Come Carolyn E, Kramer Mordechai R, Dransfield Mark T, Abu-Hijleh Muhanned, Berkowitz David, Bezzi Michela, Bhatt Surya P, Boyd Michael B, Cases Enrique, Chen Alexander C, Cooper Christopher B, Flandes Javier, Gildea Thomas, Gotfried Mark, Hogarth D Kyle, Kolandaivelu Kumaran, Leeds William, Liesching Timothy, Marchetti Nathaniel, Marquette Charles, Mularski Richard A, Pinto-Plata Victor M, Pritchett Michael A, Rafeq Samaan, Rubio Edmundo R, Slebos Dirk-Jan, Stratakos Grigoris, Sy Alexander, Tsai Larry W, Wahidi Momen, Walsh John, Wells J Michael, Whitten Patrick E, Yusen Roger, Zulueta Javier J, Criner Gerard J, Washko George R
For a full list of the authors' affiliations please see the Acknowledgements
For a full list of the authors' affiliations please see the Acknowledgements.

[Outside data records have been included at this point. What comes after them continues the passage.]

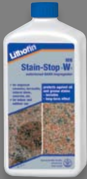
LITHOFIN MN Stain-stop >W< Impregnating Sealer

Premium quality water based impregnating sealer. Provides optimal protection against oil, grease & water for absorbent Natural & Engineered Stones
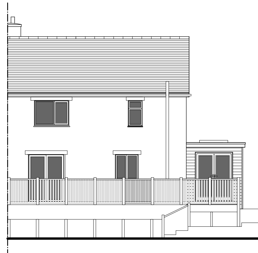
3 PROPOSED REAR ELEVATION 03 SCALE 1:50 @A2
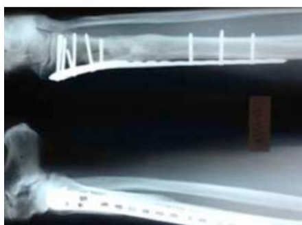
3 Initiation of healing by HFT® of a fracture in a 76-year-old female patient.

formerly known as natural sound therapy, has enabled both forms of therapy to establish ever more precise scientific foundations and successes. An increasing number of medical doctors and therapists such as alternative practitioners, physiotherapists, ENT-specialists and psychologists participated in these seminars, which opened up the biophysical, scientific applications of this method and provided additional exciting insights.
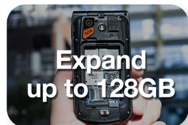
Figure 3: Internal view showing dual SIM card slots and expandable storage.
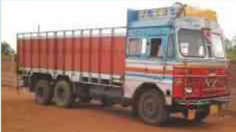
TATA LPT 2515 CARGO TRUCK
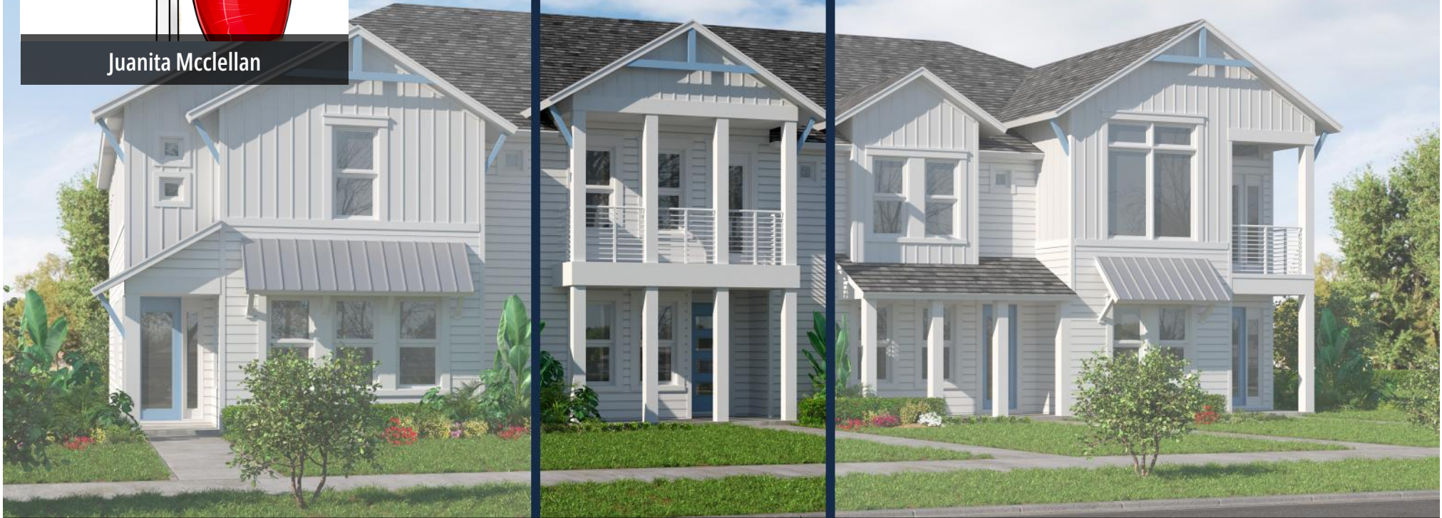
THE CASTILLO - C at NOCATEE
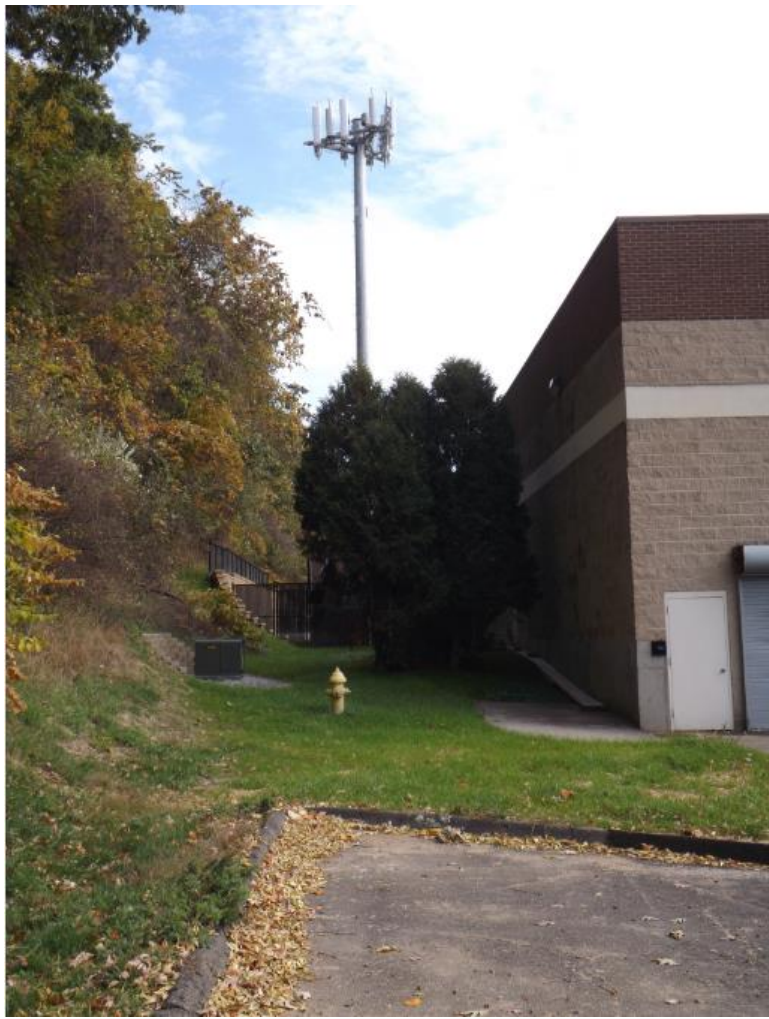
West side of Site
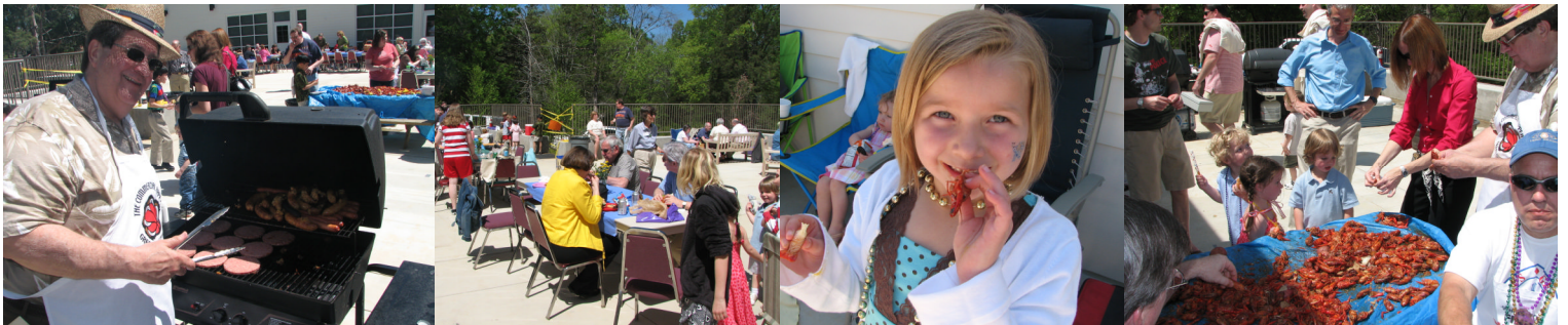
This Year's Annual Parish Picnic and Crawfish Boil was hosted by the Brotherhood of St. Andrew. If you are new to St. George's, do not miss a great opportunity to meet new people. If you are not so new, just come out anyways. Good friends, food and fun; what more could you want?
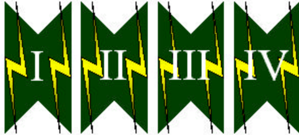
Company B, 51 st CAR
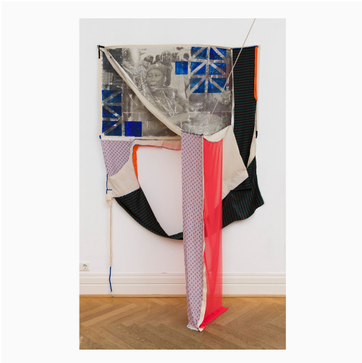
Axiluanda I (M005), 2021 Mixed textile, transfer, collage, stitches, hand sewing, acrylic paint and rope. 200 x 140 x 70 cm
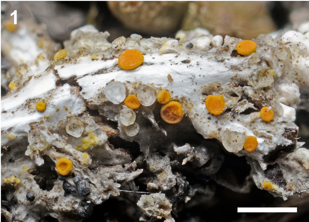
Figure 1. Austroplaca subtiroliensis , Arup L11057 (LD). Scale bar = 1 mm.

Specimen examined : Pältsan, on N-facing slope of a central peak (1267 m), alt. 1125 m, 69.01951°N, 20.19434°E. On dead Dryas with Blastenia ammiospila . 5 Aug. 2011, Arup L11057 (LD).
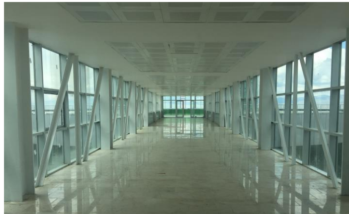
Figure 5. The bridge between the faculty and conference hall block

When the usage process is studied, the main revision should be defined as the transformation of the block originally implemented as the conference hall into the Biodiversity Science Museum. Accordingly, a new entrance point has been defined for this mass, and the function of the bridge that connects it to the faculty building has been terminated (Figure 5). The gap created as a result of reducing the 4 educational blocks in the preliminary design to 3 in the implementation project has been transformed into a parking area during the usage process. The water elements, amphitheater, greenhouse, etc., within the campus have been replaced with predominantly paved surfaces, converting them into vehicular roads. In terms of environmental landscaping, paved surfaces have been applied instead of the amphitheater and greenhouse. A water element that enhances the visual aesthetics has been constructed in the area where the amphitheater was located. The gaps in the upper canopy (entrance canopy) have been enclosed with glass and steel structural elements due to adverse effects of inclement weather conditions (Table 1).
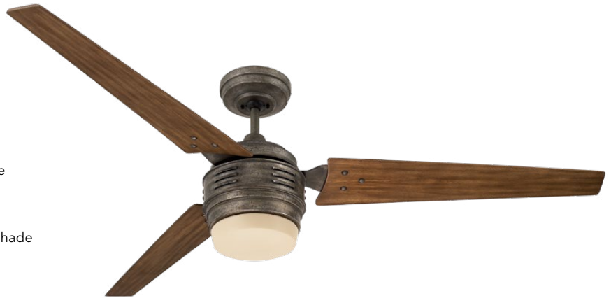
D. Shown in Vintage Steel with Riverwash Blades and Vintage Cream Glass Shade
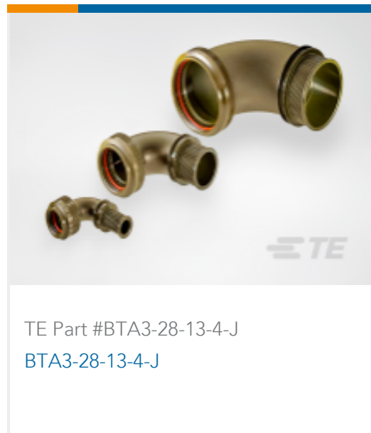
TE Part #BTA3-28-13-4-J BTA3-28-13-4-J
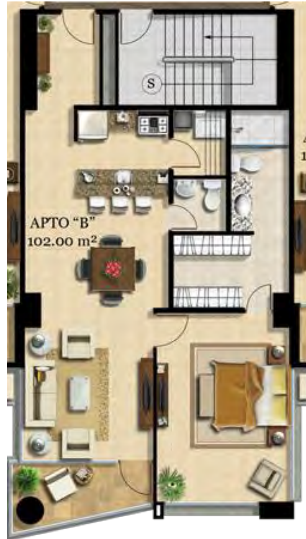
Vista al Boulevard

LEVELS 600, 700, 900 – 1300, 1500- 1900, 2100-2500, 2700, 2800, 2900, 3600, 4400
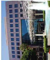
USC Healthcare Center (MCC)
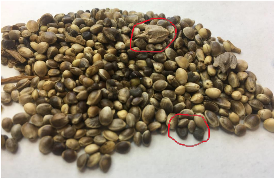
Fig 5. Example of weed seeds in a hemp sample. Red circles indicate weed seeds.
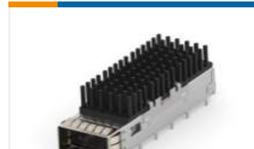
TE Part #1-2170704-0 CAGE ASSY, QSFP28 1X1, SPRING, HS
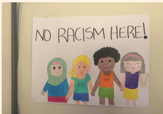
FIGURE 2 ENGLISH TEXT COMPREHENSION - GROUP PRESENTATION (“WHAT IS RACISM?”/ DEMONSTRATION)

By doing this, they were able to lead their learning process through a creative lens. I chose this strategy based on their own opinions. In addition, they were required to produce a glossary about each text divided in two word groups: general (with basic words students would find in the texts) and specific (with specific concepts, by talking about them and their racial experiences). As for rewriting the texts into different text genres, I followed the arguments of Dolz and Schneuwly (2011) about the use of oral text genres. In this respect, group 1 used the sentence “What is racism?” to turn the text into a demonstration (with handmade posters, a video where they roleplayed situations of racism in English, etc.).
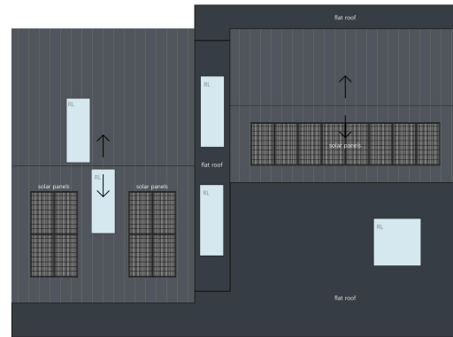
Proposed Roof Plan 1:100
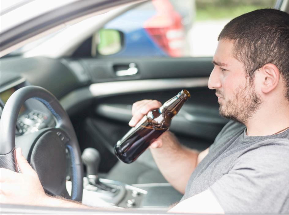
Photo: Adult Male With Beer Driving Car

driver, arranging to be picked up from parties or gatherings, using ride-sharing services, using public transportation or for-hire services such as Uber or Lyft, and walking or staying the night.
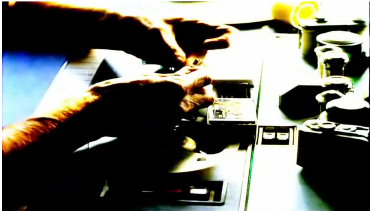
Figure 8: The Image Book . This is the third image we see in the film, one recycled from Godard’s King Lear (1987) that seems to picture Woody Allen’s hands. Casa Azul Films, 2018. Screenshot.
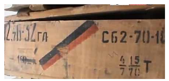
Photo 29 Wooden outer packaging containing 160 12.7× 108 mm B-32 armour-piercing incendiary (API) cartridges produced in 1970 by the Novosibirsk Low Voltage Equipment Plant.
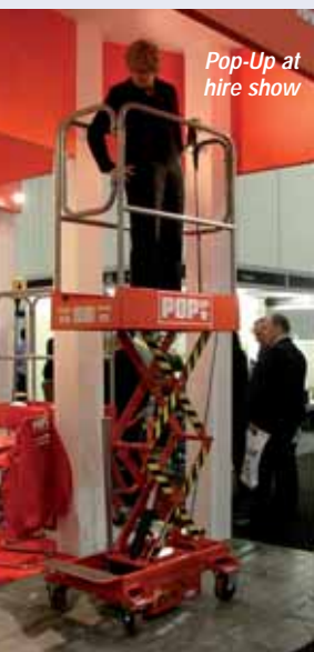
Pop-Up at hire show

Samuel Walker the crane and access service company for Grove and PAT/Ascocel distributor appoints an administrator and very quickly appoints a liquidator.
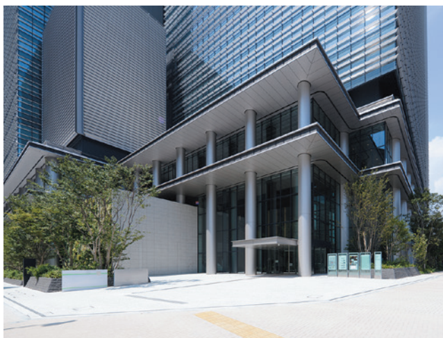
Otemachi Place Southeast Entrance Round Column Covers (Aluminium)
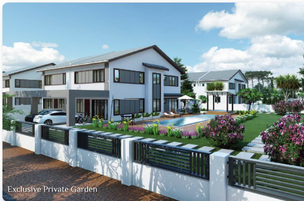
Exclusive Private Garden
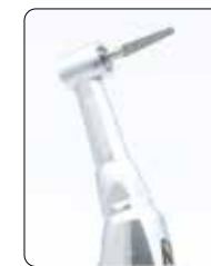
Reciprocating head 1:1 suitable for all reciprocating Proxo file
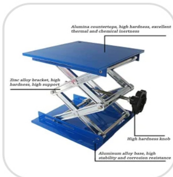
Scissor Lift Platform
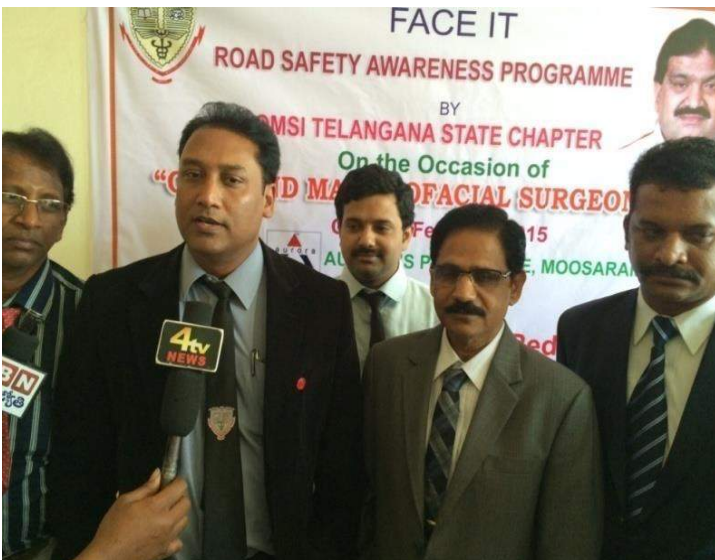
INAGURATION OF THE MAXILLOFACIAL SURGEONS DAY EVENT & PRESS MEET
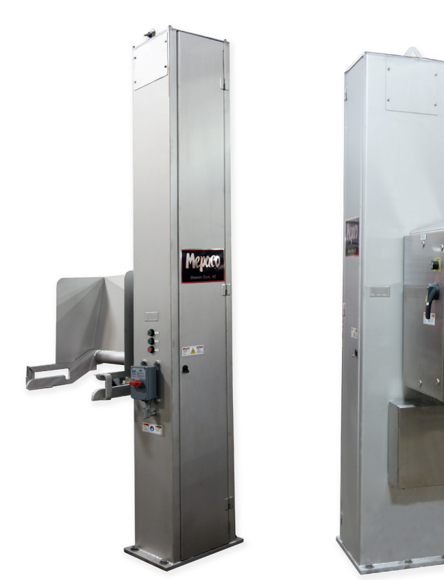
Column Dumper showing extended dump chute
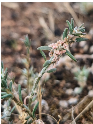
Chariot Wheels.
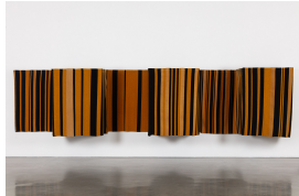
A-Z Cover Series 1 (Gold and Black Stripes) (detail) 2012 Woven wool and steel Dimensions variable, 10 panels
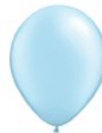
Pearl Light Blue
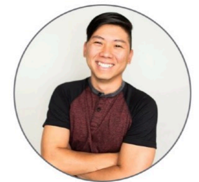
En Tao Ko @magnifiedjoy
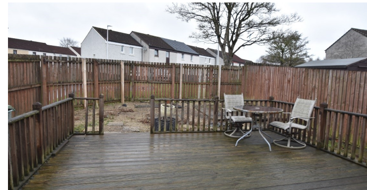
153 Sutherland Way
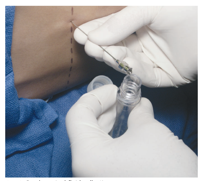
31-6 Cerebrospinal fluid collection.
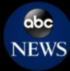
ABC News ✓ @ABC

With widespread reports - including Arkansas - of ballot fraud and/or irregularities, it would seem the MSM is still trying to whitewash the voices of 70 million Americans from this election
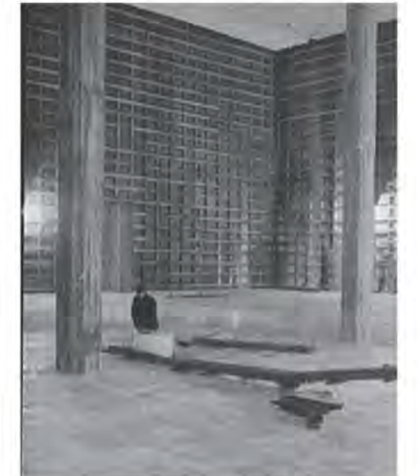
Ice storage house.
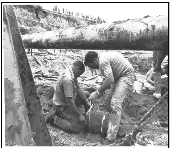
Excavating the Bertrand in the late 1960s

The primary substantive issue was the role and extent of croplands on the refuge and how far to go in phasing them out. One of many organizational questions dealt with fish and wildlife population management versus habitat management. Because of the inseparability of habitat management from wildlife population management, ultimately the team decided to combine these two into one goal area: "Wildlife Population and Habitat Management." Because fisheries management at DeSoto Lake revolves around the recreational fishery rather than conserving native aquatic biodiversity, fish population management was placed under the "Public Education and Recreation" heading.
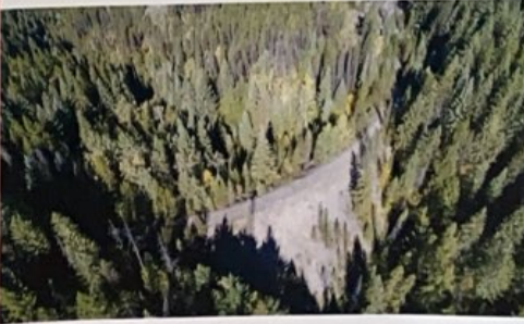
Porcupine Creek with the trestle filled in.

Eur Respir J. 2015 Sep;46(3):651-62. doi: 10.1183/09031936.00205614. Epub 2015 Apr 2.
Uncontrolled pilot studies demonstrated promising results of endoscopic lung volume reduction using emphysematous lung sealant (ELS) in patients with advanced, upper lobe predominant emphysema. We aimed to evaluate the safety and efficacy of ELS in a randomised controlled setting.Patients were randomised to ELS plus medical treatment or medical treatment alone. Despite early termination for business reasons and inability to assess the primary 12-month end-point, 95 out of 300 patients were successfully randomised, providing sufficient data for 3- and 6-month analysis.57 patients (34 treatment and 23 control) had efficacy results at 3 months; 34 (21 treatment and 13 control) at 6 months. In the treatment group, 3-month lung function, dyspnoea, and quality of life improved significantly from baseline when compared to control. Improvements persisted at 6 months with >50% of treated patients experiencing clinically important improvements, including some whose lung function improved by >100%. 44% of treated patients experienced adverse events requiring hospitalisation (2.5-fold more than control, p=0.01), with two deaths in the treated cohort. Treatment responders tended to be those experiencing respiratory adverse events.Despite early termination, results show that minimally invasive ELS may be efficacious, yet significant risks (probably inflammatory) limit its current utility.
非对照试验性研究表明,对于晚期、以上叶为主的肺气肿患者,使用肺气肿肺密封剂(ELS)进行内镜下肺减容术可取得令人鼓舞的结果。我们旨在评估ELS在随机对照研究中的安全性和有效性。患者被随机分为ELS联合药物治疗组或单纯药物治疗组。尽管因商业原因提前终止研究且无法评估主要的12个月终点,但300例患者中有95例成功随机分组,为3个月和6个月的分析提供了足够的数据。57例患者(34例治疗组和23例对照组)在3个月时有疗效结果;34例(21例治疗组和13例对照组)在6个月时有疗效结果。在治疗组中,与对照组相比,3个月时肺功能、呼吸困难和生活质量较基线有显著改善。6个月时改善持续存在,超过50%的治疗患者有临床意义的改善,包括一些肺功能改善超过100%的患者。44%的治疗患者发生需要住院治疗的不良事件(是对照组的2.5倍,p=0.01),治疗组有2例死亡。治疗有反应者往往是那些发生呼吸不良事件的患者。尽管提前终止研究,但结果表明,微创ELS可能有效,但重大风险(可能是炎症性的)限制了其目前的应用。